# DESCRIPTION OF THE TASK
Your output should be exactly the lines from the one containing "Neben den vorherigen" through the final line of the following data, please, with no pictures.

-------- SUPPLIED MATERIAL

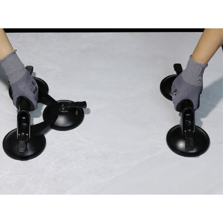 Βεντούζα διπλή με δυνατότητα ανύψωσης 85 κιλών από τη BIHUI. Κατασκευασμένο από αλουμίνιο με λαστιχένια βεντούζα. Εργονομική λαβή Jumbo και κουμπιά στερέωσης άνεσης. Ιδανικό για μεταφορά κεραμικών πλακιδίων, μαρμάρου και γυαλιού.
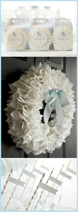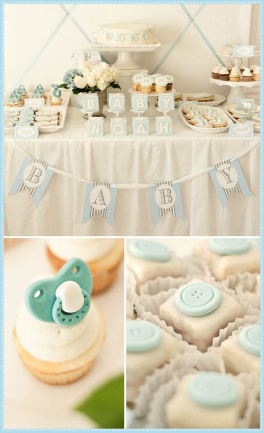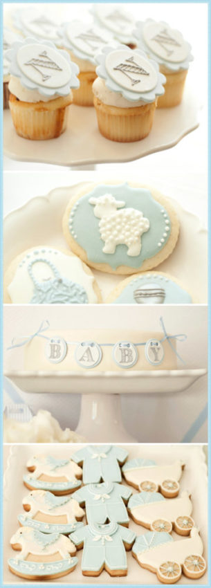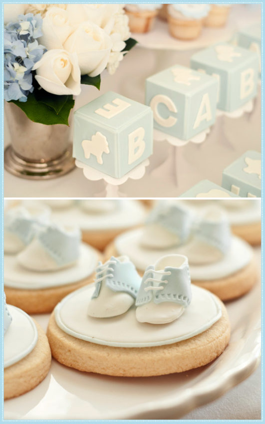 Quem disse que não dá para fazer um chá de bebê para meninos bem delicado? Essa decoração que mostro hoje prova exatamente isso: cada detalhe pensado pela futura mamãe é puro romantismo! A inspiração foi inusitada: a bolsa que a mãe usará para carregar as coisas do filhote (nunca vi uma bolsa de passeio de bebê tão chiquérrima como essa!) – e que também foi usada na decoração da festa. Repare em cada biscoito (com detalhes de carrinhos de bebê, de cavalinho, de ovelhinha, de roupinha de bebê), nos cupcakes (com mamadeiras, com chupetas, com as iniciais do bebê), nos macarrons, no bolo (super clean). Enfim, tudo de muito bom gosto, para você se inspirar e organizar um chá de bebê inesquecível!
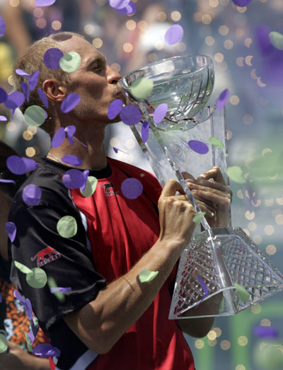 Nikolay Davydenko of Russia kisses the trophy after winning his final match against Rafael Nadal of Spain at the Sony Ericsson Open tennis tournament in Key Biscayne, Florida April 6, 2008. Davydenko won 6-4, 6-2. [Agencies]
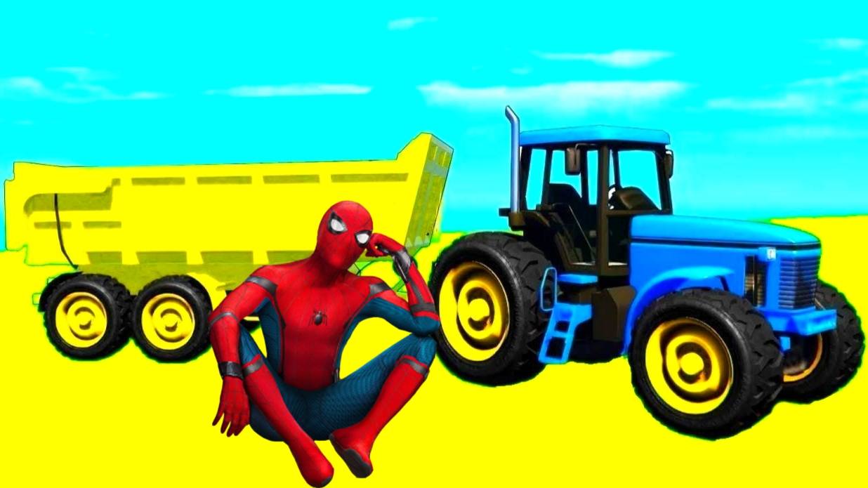 Мультики про машинки для детей трактор с прицепом, школьный автобус и грузовики для детей.
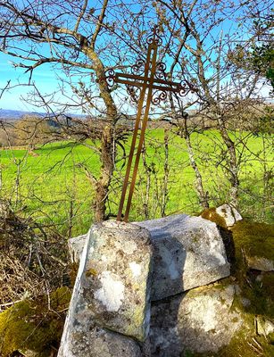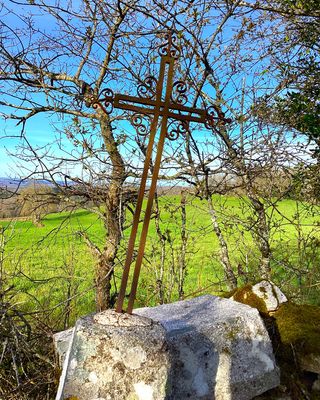 Cette croix est en fer forgé ajouré. Ses extrémités sont en forme de cœur et ornées d’une fleur de pavot. Le centre de la croix est décoré de quatre volutes. Son fût pyramidal en granit présente des arêtes légèrement arrondies. La croix a été renversée de son piédestal, constitué de deux dalles plates. Le pavot, connu depuis l’Antiquité pour ses propriétés somnifères, est ici associé au sommeil éternel.
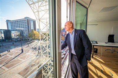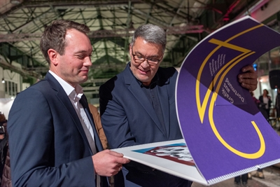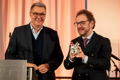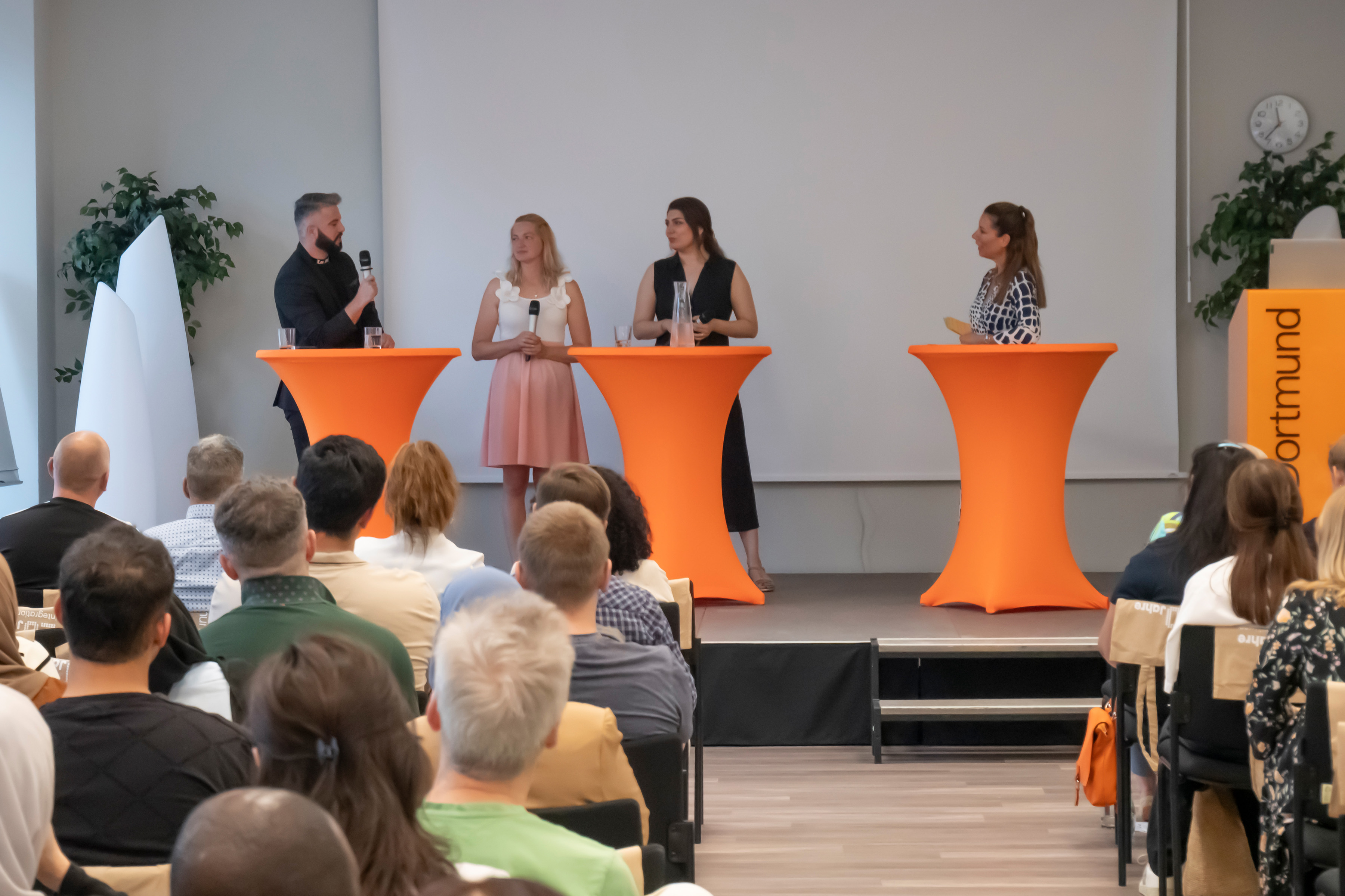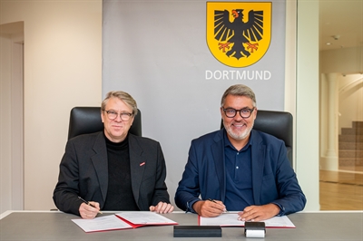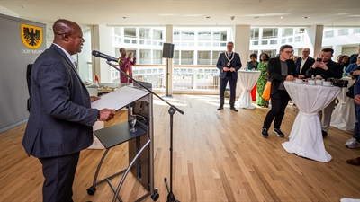 Oberbürgermeister Thomas Westphal (re) hält die Eröffnungsrede beim Markenlaunch-Event in Dortmund
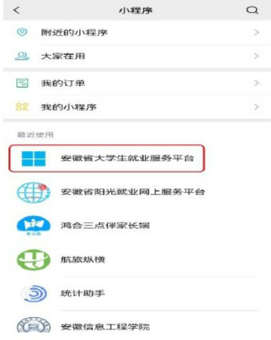 第一步:通过微信小程序搜索“安徽省大学生就业服务平台”
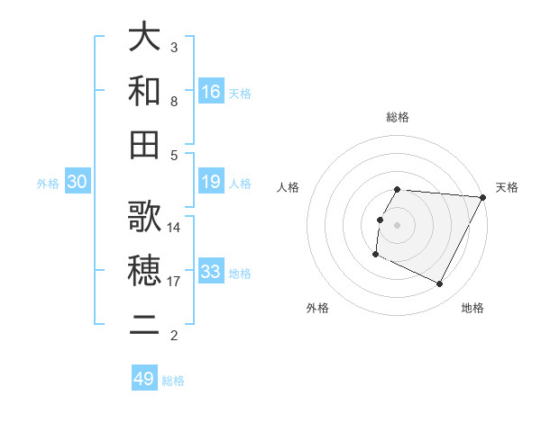 大和田 歌穂ニさんを姓名の画数から五運を鑑定
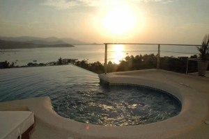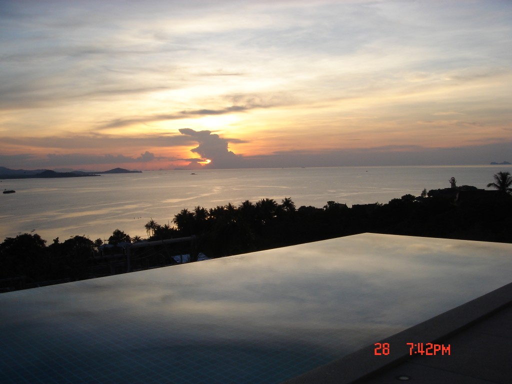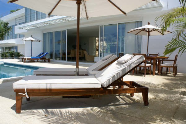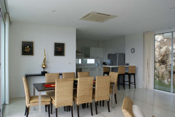 The living dining room opens on to the spacious sand-wash pool deck where endless time will be spent. There are a row of palms in pots along the far side to give more privacy. Quality teak cushioned sun loungers, umbrellas and patio table (seat 8 persons) and chairs, ottomans which are available for your relaxation. Spectacular views over Big Buddha Bay and not forgetting the amazing sunsets form the perfect backdrop for the 10m x 5m infinity edge pool and corner Jacuzzi
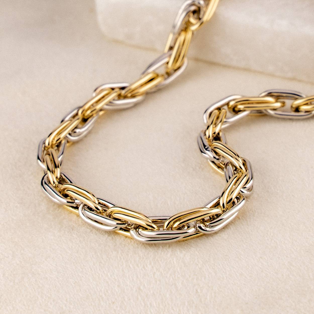 Prachtige 14krt bicolor gouden fantasiecollier. Het collier heeft een lengte van 45cm.
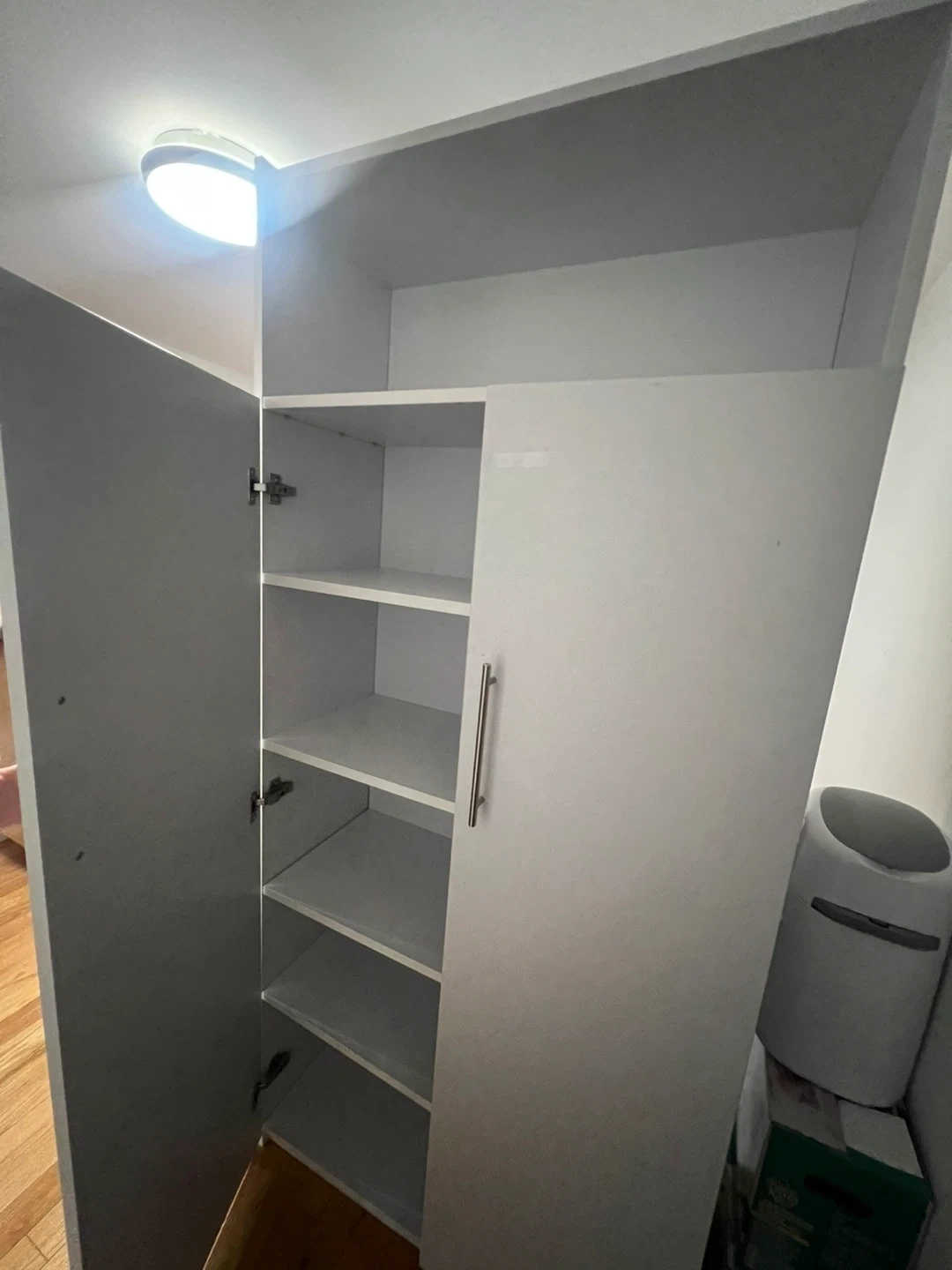 Here's a white wardrobe cabinet! It's in great shape and ready to help organize your space. It features shelving for easy storage and access. Perfect for any room!
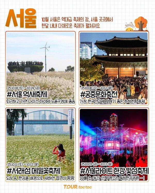 ✅ 서울 억새축제 ✅ 궁중문화축전 ✅ 서래섬 메밀꽃축제 ✅ 서울라이트 한강 빛섬축제
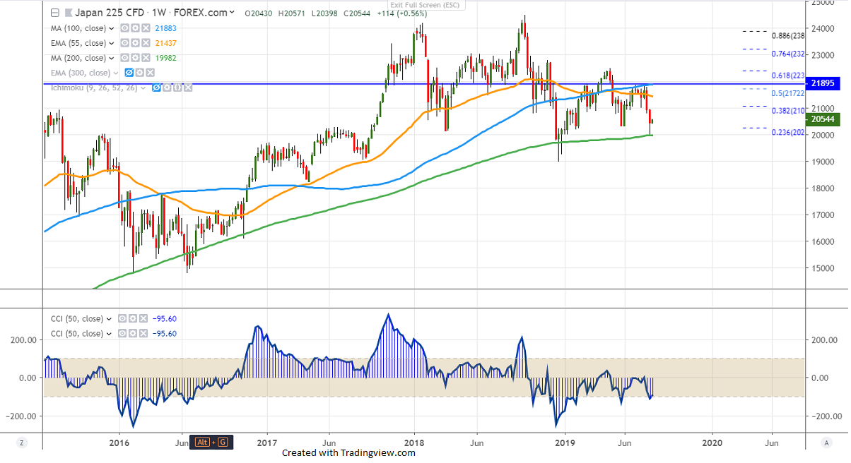 Nikkei has taken support near 200-W MA and shown a minor recovery. Wall Street has shown a huge recovery of more than 5%. USDCNY consolidating near high made during the previous week at 7.0599.
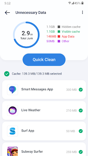 Neben den vorherigen Funktionen fügte Free Cleaner ein App-Management-System hinzu, das ALLO WS können Sie Apps En MASSE deinstallieren. Normalerweise müssten Sie jedes Spiel oder Apps manuell entfernen, aber mit einem Booster können Sie alles auswählen, was Sie nicht mehr verwenden, und deinstallieren Sie es nicht mehr mit einem einzigen TAP! Telefon Booster ist ein intelligenter Batterieschoner, mit der Manager-App, die CPU-Kühler, Batteriesparer, Cache-Clearing, Speicherreiniger verwenden kann.
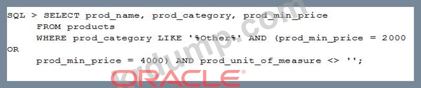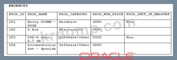 최소 가격이 $2000 또는 $4000이고 측정 단위가 없는 '소프트웨어/기타' 범주에 속하는 PRODUCTS 테이블의 제품 이름을 표시해야 합니다.

----------------

# ANSWER AREA
 Neben den vorherigen Funktionen fügte Free Cleaner ein App-Management-System hinzu, das ALLO WS können Sie Apps En MASSE deinstallieren. Normalerweise müssten Sie jedes Spiel oder Apps manuell entfernen, aber mit einem Booster können Sie alles auswählen, was Sie nicht mehr verwenden, und deinstallieren Sie es nicht mehr mit einem einzigen TAP! Telefon Booster ist ein intelligenter Batterieschoner, mit der Manager-App, die CPU-Kühler, Batteriesparer, Cache-Clearing, Speicherreiniger verwenden kann.
 최소 가격이 $2000 또는 $4000이고 측정 단위가 없는 '소프트웨어/기타' 범주에 속하는 PRODUCTS 테이블의 제품 이름을 표시해야 합니다.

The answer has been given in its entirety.